Assignment
The entries below contain pictures. Write out only the lines from the line with "Aktiviere die zweite" up to and including the line with "Description: A young", exactly, without them.

START Data excerpts

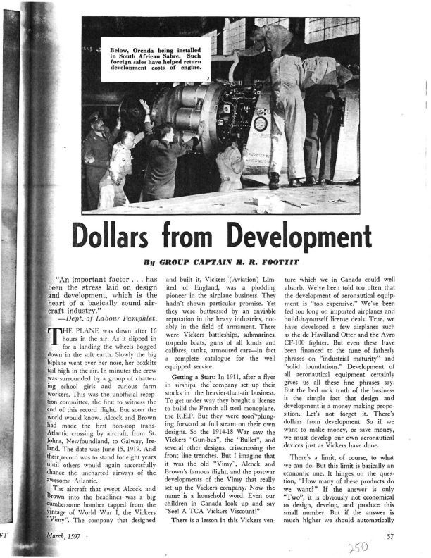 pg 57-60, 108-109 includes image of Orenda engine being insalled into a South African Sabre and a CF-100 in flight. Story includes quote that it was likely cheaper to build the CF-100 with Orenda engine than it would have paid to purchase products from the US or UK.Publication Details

END Data excerpts
START Data excerpts

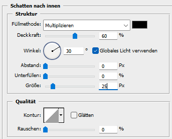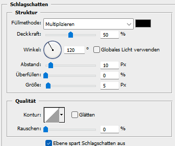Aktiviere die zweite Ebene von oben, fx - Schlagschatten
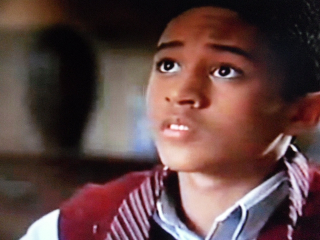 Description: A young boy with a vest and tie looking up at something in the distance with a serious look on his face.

END Data excerpts

Written response
Aktiviere die zweite Ebene von oben, fx - Schlagschatten
 Description: A young boy with a vest and tie looking up at something in the distance with a serious look on his face.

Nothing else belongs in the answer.